The circulating hydrogen, which has flowed away from the second low-temperature heat exchanging element 6 (second heat exchanger E2), cools the circulating hydrogen flowing through the first high-temperature heat exchanging element 7 as well as the raw hydrogen flowing through the first raw hydrogen cooling element 13 when it flows through the first low-temperature heat exchanging element 5. In consequence, the temperature of the circulating hydrogen in the state of ordinary pressure, which has flowed away from the first low-temperature heat exchanging element 5 (first heat exchanger E1) has been raised to ordinary temperature (for example, 300K). Then, the circulating hydrogen in the state of ordinary pressure and ordinary temperature flows into the compressor 2. Thus, the circulating hydrogen is adiabatically compressed by the compressor 2 so that it becomes such a state of high pressure (for example, 2 MPaA) and high temperature (for example, 780K).

Next, the state changes of the circulating hydrogen flowing from the compressor 2 to the expansion turbine 4 through the hydrogen circulating passage 1 will be described. The gaseous circulating hydrogen in the state of high pressure and high temperature, which has flowed away from the compressor 2, is cooled at first by the circulation hydrogen cooler 3 so as to reach such a state of ordinary temperature (for example, 300K) and high pressure.
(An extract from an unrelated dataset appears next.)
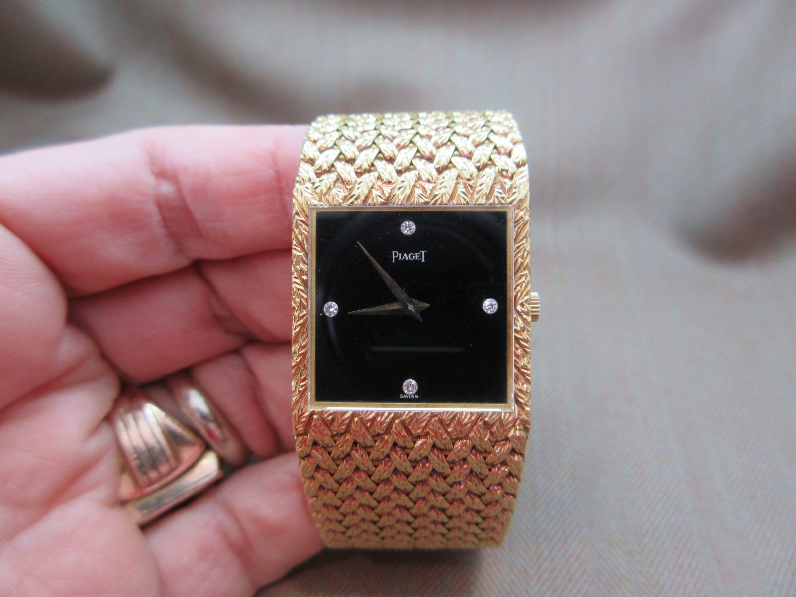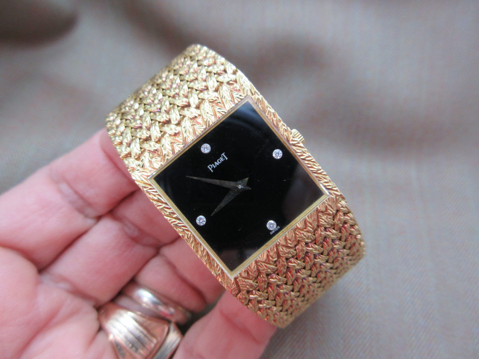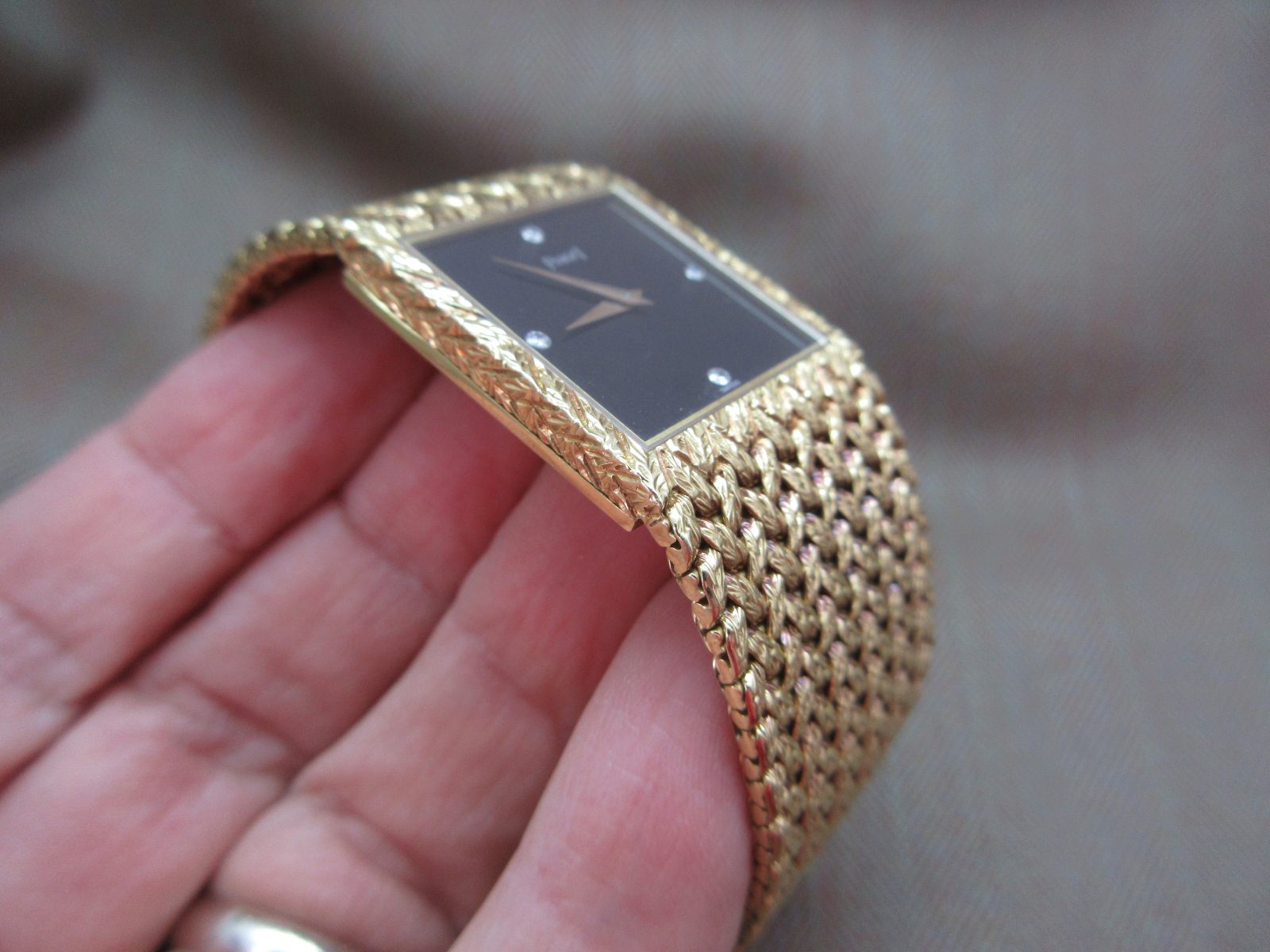 Piaget Vintage 18k Braided Bracelet Watch with Onyx & Diamond Dial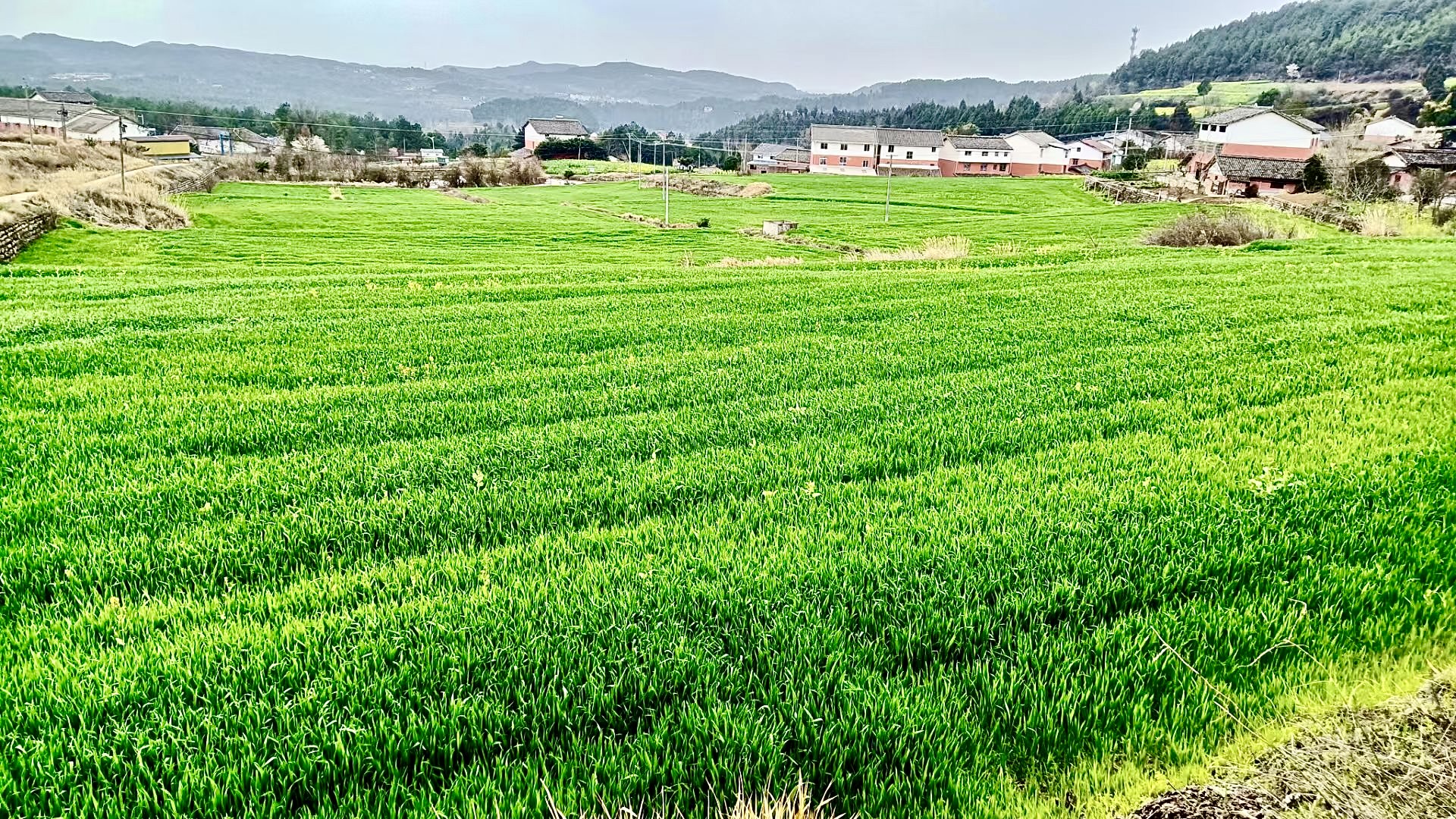 这两天,在四川省广元市昭化区各镇村,田野间绿意盎然,连绵的麦苗宛如一条绿色绒毯,与青山、蓝天、民居相映衬,勾勒出一幅生机勃勃、产业兴旺的乡村画卷。

Then, the circulating hydrogen in the state of high pressure and ordinary temperature is cooled by the circulating hydrogen flowing through the first low-temperature heat exchanging element 5 so as to reach such a state of very low-temperature (for example, 80K) when it flows through the first high-temperature heat exchanging element 7. The circulating hydrogen in the state of high pressure and very low temperature, which has flowed away from the first high-temperature heat exchanging element 7 (first heat exchanger E1) is cooled by the circulating hydrogen flowing through the second low-temperature heat exchanging element 6 so as to reach such a state of further lower-temperature (for example, 40K) when it flows through the second high-temperature heat exchanging element 8. Then, the circulating hydrogen in the state of high pressure and very low temperature flows into the expansion turbine 4. Thus, the circulating hydrogen is expanded by the expansion turbine 4 so as to become such a state of ordinary pressure (for example, 0.1 MPaA) and extremely low temperature (for example, 20K) so that the circulating hydrogen is at least partially liquefied.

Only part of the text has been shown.